Preliminary Studies on the Folding Mechanism of Phenylalanine Hydroxylase.

CASTRO I; SANTOS J; BREDESTON L

Congreso; Reunión anueal de SAB; 2014

Sociedad Argentína de Biofísica

Preliminary Studies on the Folding Mechanism of Phenylalanine Hydroxylase Castro I, Santos J and Bredeston L IQUIFIB (UBA-CONICET)/ Departamento de Química Biológica, Facultad de Farmacia y Bioquímica, Universidad de Buenos Aires, Argentina. ignacas22@gmail.com Phenylalanine hydroxylase from Legionella pneumophila (LpPAH) catalyzes the hydroxylation of L-Phe to L-Tyr using tetrahydrobiopterin (BH4) and non-heme Fe2+ additional substrate with an optimum temperature at 45oC. LpPAH is a 272-residue protein which has a mixed α/β topology that forms a dimer characterized by a large interface. Noteworthy, this protein showed high thermostability, with a reported Tm of 79 °C (1) suggesting that the interface between monomers may be the source of the high stability observed. Here, we have ask how coupled the global stability of the dimer and monomers are. The protein was purified from E. coli (35mg/mL) and its conformation was studied.

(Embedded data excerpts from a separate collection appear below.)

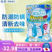 白元(HAKUGEN)日本进口 白元除湿剂除湿盒防潮防霉干燥剂衣都爽衣无畏防虫防蛀 衣柜用白色皂香4枚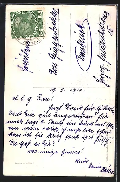 alte Ansichtskarte, gelaufen 1916, Abriebspur unten li., guter Zustand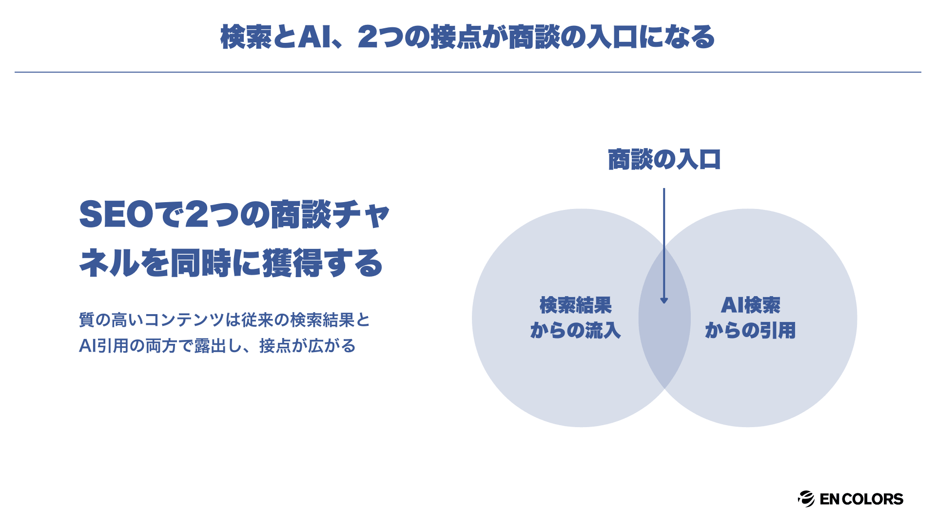 SEOで検索上位を獲得しておくことは、従来の検索流入だけでなく、AIからの推薦という新しい商談チャネルにもつながるのです。

Far-UV CD was compatible with the expected native LpPAH secondary structure. Near-UV CD exhibits signatures of asymmetric environments for for Trp and Phe residues, suggesting a rigid tertiary/quaternary structure. Unfolding followed by Trp fluorescence was carried out. We detected an intermediate (Ieq) state that exhibits a significant decrease in Trp fluorescence intensity by comparison with the native state, whereas Trp residues seem to be in average partially exposed to the solvent as judged by the center of mass of emission spectra and by comparison to the unfolded LpPAH. Work on the hydrodynamic behavior of LpPAH by SEC-FPLC and light scattering is under progress to determine whether the first transition in the equilibrium unfolding includes loss of quaternary structure. With financial support of UBA, CONICET and ANPCyT. 1- Flydal MI et al. PLoS One. 2012;7(9):e46209.